There are lots of possible pathogens. Two that come to mind are nectria canker and pseudomonas syrangae.
Nectria primarily infests the phloem (inner bark) and so progresses downward from a wound. Were this nectria the top of your tree would have suddenly died late last summer and then been covered with little orange fruiting bodies for a few weeks.
Psuedomonas syrangae is a bacterium that tends to gain entry in winter by being a nucleation site for water crystalization. The crystals make small wounds in the bark through which the bacterium then infects the cambium. It is usually associated with blackish oozy bark necroses after a freezing rain.
Then there is fusarium wilt and etc., etc. You may need a lab analysis to definitively identify exactly what killed the top of your tree. Nevertheless, physical observations of the association of tissue damage and discoloration are a central part of the analysis.
And, it is also possible that no pathogen is involved. Outcomes similar to this are possible if the top of the tree was in bright sun and exposed to drying winds over the winter. I know nothing of its wintering nor of your climactic conditions.
The bottom line is, if it is a pathogen in the phloem, death will continue moving downward. You had best chop it below the line of death or you are going to just watch it die a little lower each day.
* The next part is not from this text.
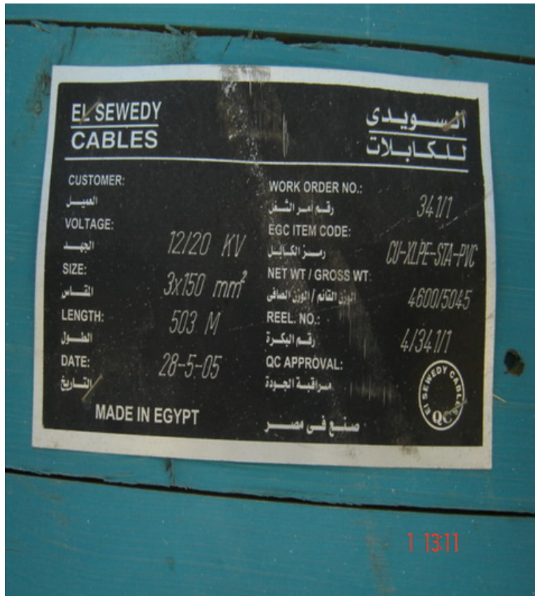
Site Photo 14. Inventory tag documents cable size and voltage rating.

If it is a pathogen in the xylem, what is dead is dead, but at some point the pathogen will release spores and potentially infect any and every thing that can be and is near by. Lastly, there may be no pathogenic cause. Then the top of the tree is just dead and will forever be dead. There is no mechanism for it to spring back to life. It can only rot.
So, there is little need to do anything other than watch, for now.